23. Chapter 23
Lark
“Please tell me you’re calling because you’re finally fucking Hot Lennon,” Hannah says by way of greeting.
I scramble to turn the volume on my phone down as I glance past the screen to make sure his door is still closed. “Oh my god,” I whisper. “Could you not? He’s in the next room.”
Her brown eyes go even darker through the screen as she pins me with a look. “Don’t think I didn’t notice that wasn’t a flat-out denial.”
Unsure of what to say, I stare at her for a minute.
“Fucking Hot Lennon” is both exactly and not at all what I’ve been doing for the past week or so.

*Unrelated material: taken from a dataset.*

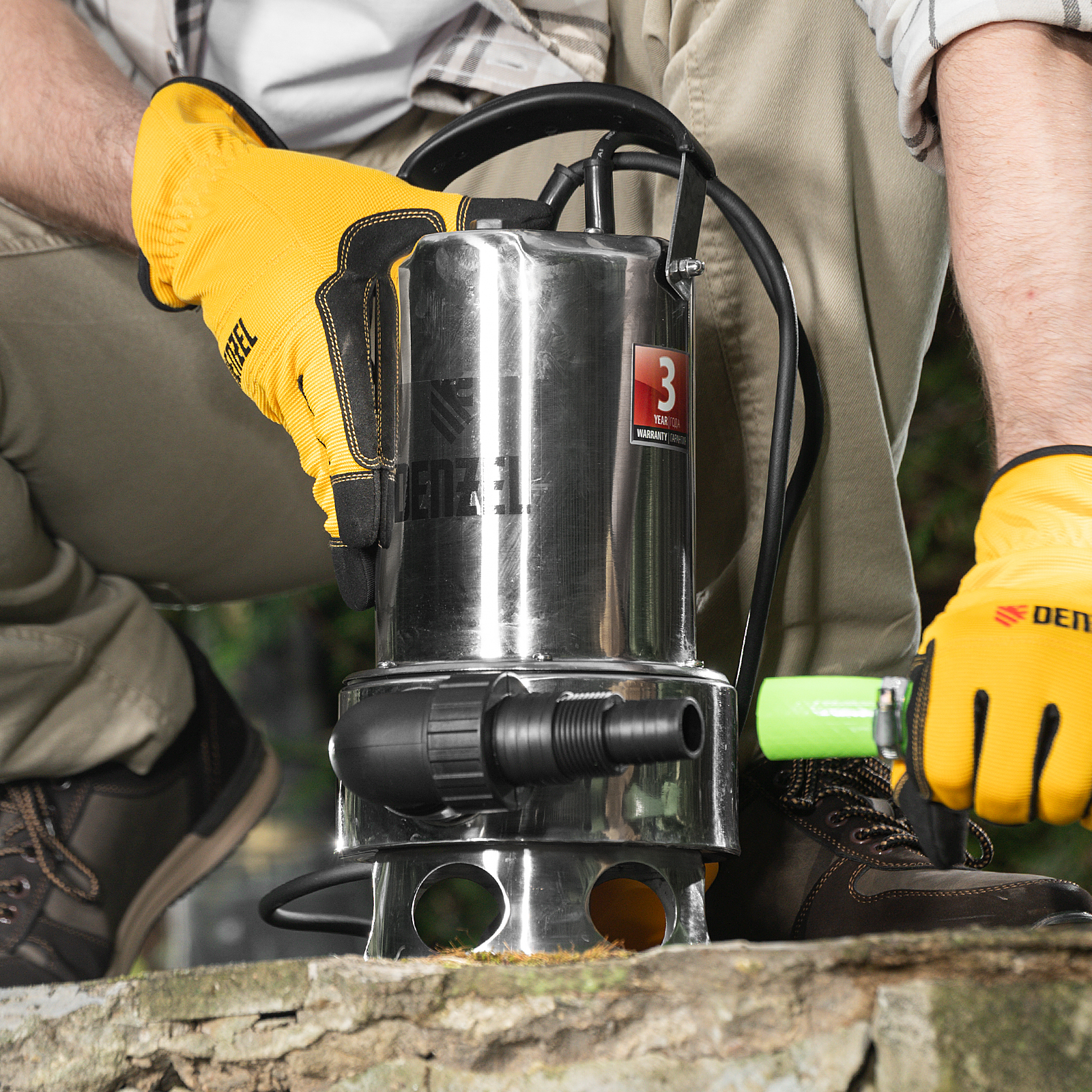 Дренажный насос Denzel DPL800X 97324 мощностью 800 Вт и производительностью 16500 л/ч обеспечивает подъем грязной воды на высоту до 7 м и используется для откачивания сточных вод из затопленных подвальных помещений. Максимальная глубина погружения составляет 7 м. Насос подходит для воды, содержащей твердые и мягкие включения диаметром до 35 мм. Также может использоваться для подачи воды из колодца или открытого водоема с целью орошения сада или огорода.

He has been my entire world, and we’ve barely come up for air.
I had hoped calling Hannah would anchor me, or at least remind me of what I would miss back home if I stayed here.
On one hand, it has only taken me a matter of days to completely fall for Lennon.
On the other, it has taken twenty-five years.
It has been a whirlwind summer romance where everything is happening too fast, but it has also been a lifelong slow burn where nothing is happening fast enough, and I want more of everything I’ve been missing.
As I study Hannah’s face, hoping to see something in it that will bring me to my senses and remind me that shifting my life in such a significant way is madness, the very specific color of sage-green paint behind her registers. I squint at the wall. “Are you at my place?”
“Uh…” She tries to shift, but that only results in me being able to see my couch where there are clearly blankets strewn about and her legs which are clad in very comfortable-looking joggers. Piles of books I don’t recognize litter the cushions.
“You are!” I exclaim, happy to have a distraction from the whirring of my mind. “You look pretty cozy. Are you staying there?”
Her mouth spreads into a smile that looks more like a grimace. “That depends. Would you be mad if I were?”
“No,” I say slowly. “But why?”
“It’s so much bigger than my place,” she whines. “I only have the one tiny bedroom, and the office is so lonely without you, so one day I just…brought some stuff over here to check up on the place like you asked me to.”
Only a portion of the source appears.